The ECU Group Plc v HSBC Bank Plc & Ors [2022] EWHC 1616
This is another example of a case where the litigant became the litigation funder. Here, the funder, Therium, appeared in an attempt to head off an application that it pay the costs of the successful defendant on the indemnity basis and that it top up the payment on account that was supposed to have been paid by the claimant. The Court decided the underlying claim against the claimant in November 2021 and made an order for an interim payment on account of costs of $11m.
Therium commenced funding on 19 September 2019 by which time the pleadings had already been exchanged. Importantly, under the terms of the LFA, Therium also agreed to reimburse ECU for part of the costs incurred since 30 November 2018. Therium’s share of the funding of the claim amounted to be between 53-64%. The claim itself was under consideration since September 2016.
Therium’s position was that whilst it could not complain about having to pay some of the costs on the indemnity basis, that costs should only post-date the funding agreement and should then only be a 53-64% percentage of the overall level of costs incurred.

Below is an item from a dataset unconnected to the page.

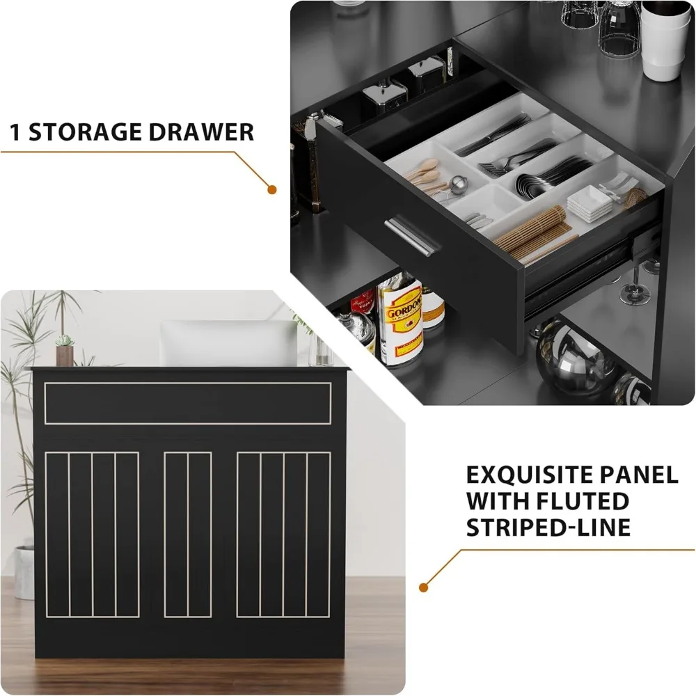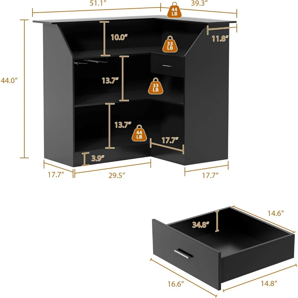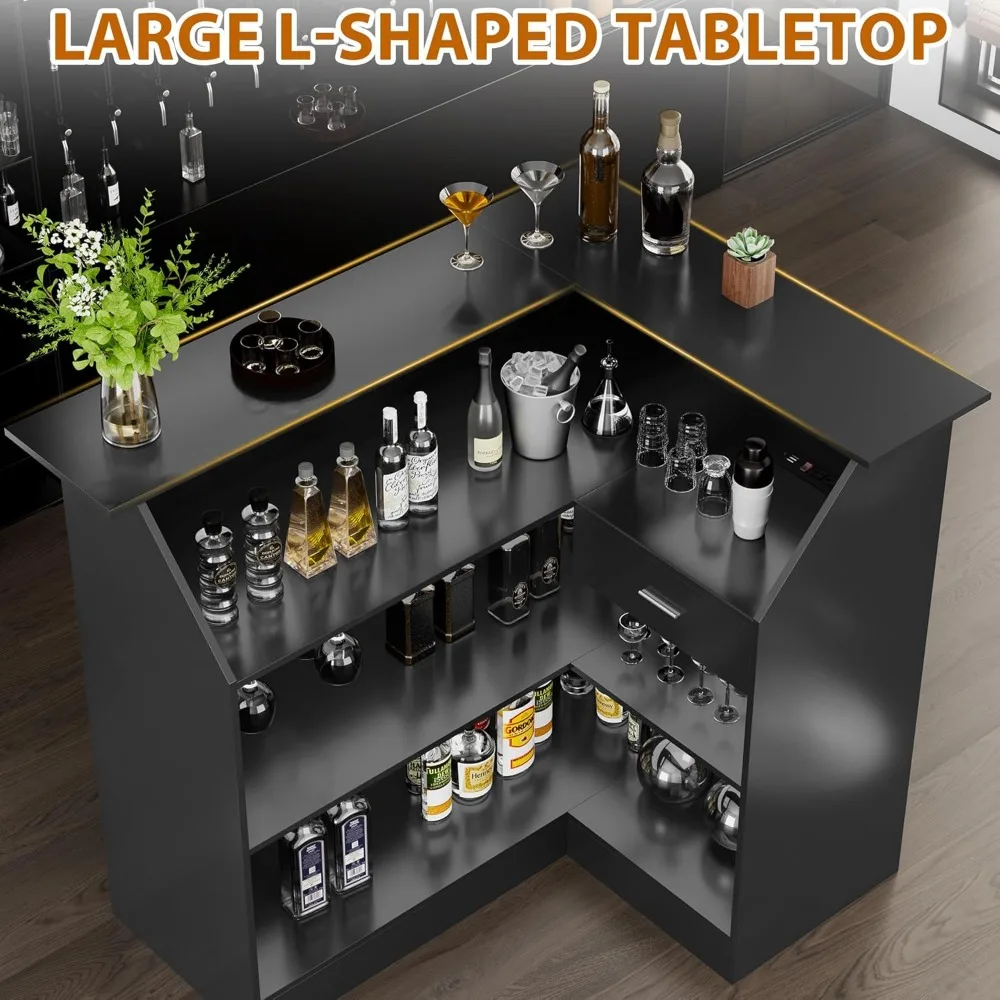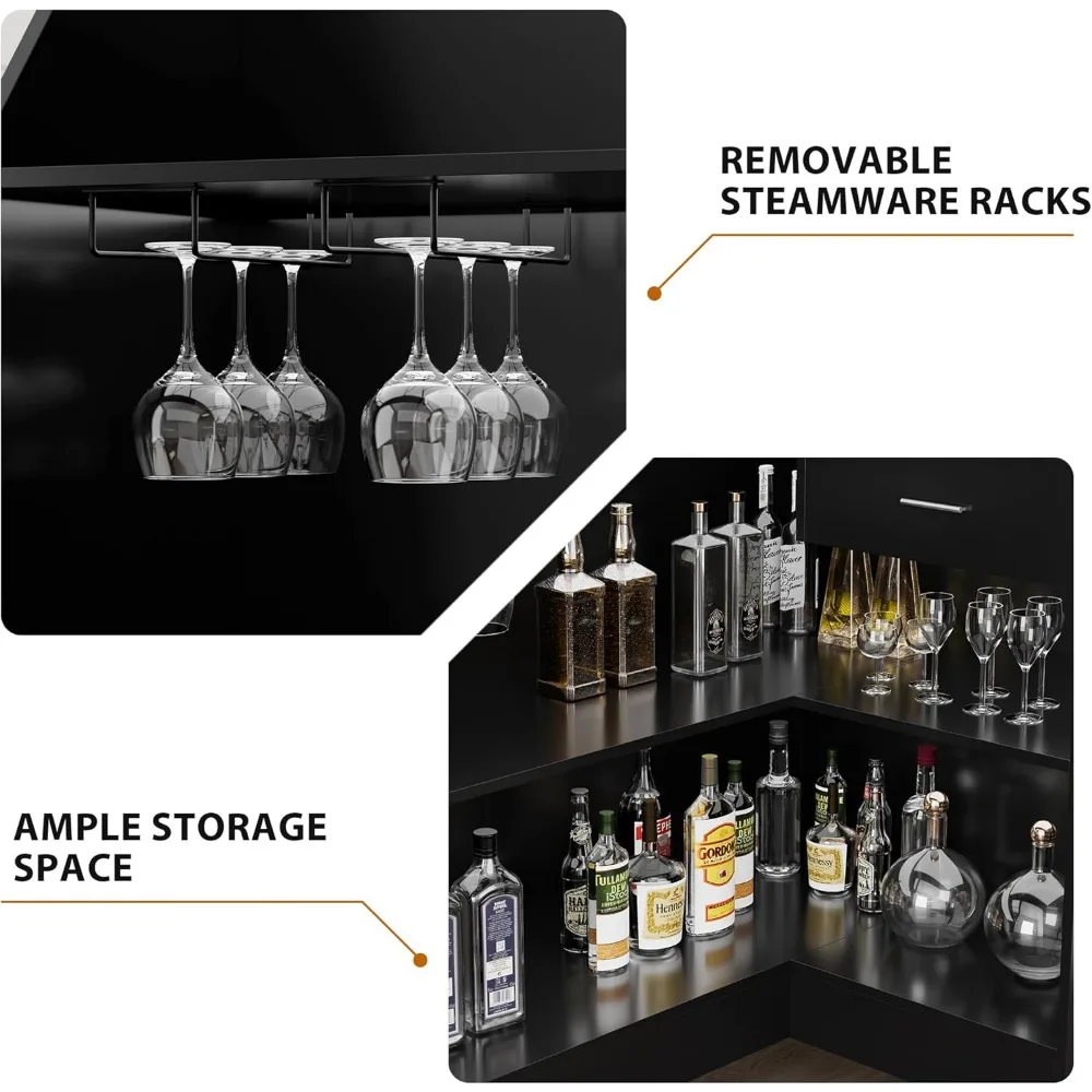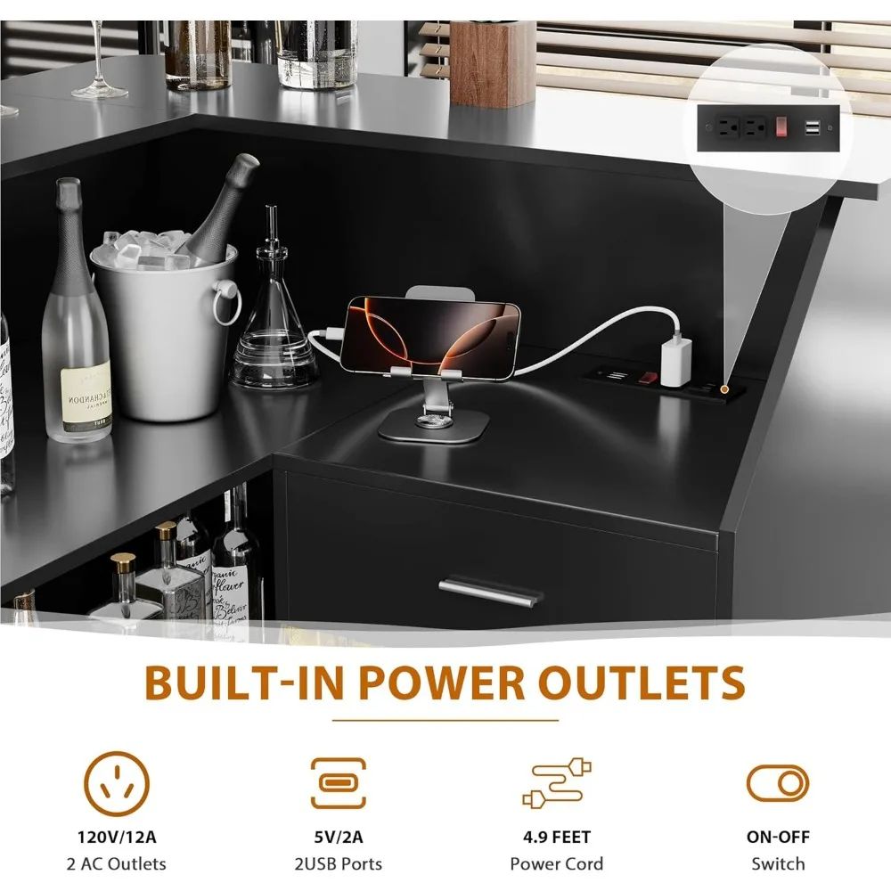 Maximize your corner space with this L-Shaped Home Bar Cabinet featuring a power outlet, 4-tier storage shelves, a drawer, and a wine glass holder. Perfect for storing liquor, wine, glassware, and bar accessories, this corner unit combines functionality with a modern design. Ideal for kitchens, dining rooms, or home bars, it keeps everything organized and within reach while offering a stylish setup for entertaining family and friends.

The Court’s initial approach, in line with authority, was that neither the scale of the overall costs nor the proportion of those costs incurred prior to the involvement of Therium make it just that Therium should bear costs incurred prior to the date on which it agreed to fund the litigation. However, the Court felt that because Therium accepted a liability for costs predating the funding agreement, it should also accept the downside and so be liable for costs as from that date. This is a chilling order because in principle it means that litigation funders will inevitably be discouraged from paying past costs, and it cuts across the causation argument that so far has protected funders reasonably well. It is also unsatisfactory that decisions that are made as between funder and claimant, that cannot have had an impact on the defendant, can be reviewed by the Court so as then make judgments after the fact. The Court was not wanting to get into the detail as to the percentage allocation between funders – it took the simple approach as to what was just to the defendant, and it was not just that it should be prevented from recovery its costs because of a dispute between funders. The proper course was to make the payment of costs and then potentially have the funders argue amongst themselves at a later date. This was not the approach that was followed in Excalibur and again is a sign of the Court’s increasing willingness to make orders that ensure that a defendant is not to be prejudiced because of the funding arrangements that were put in place by a claimant.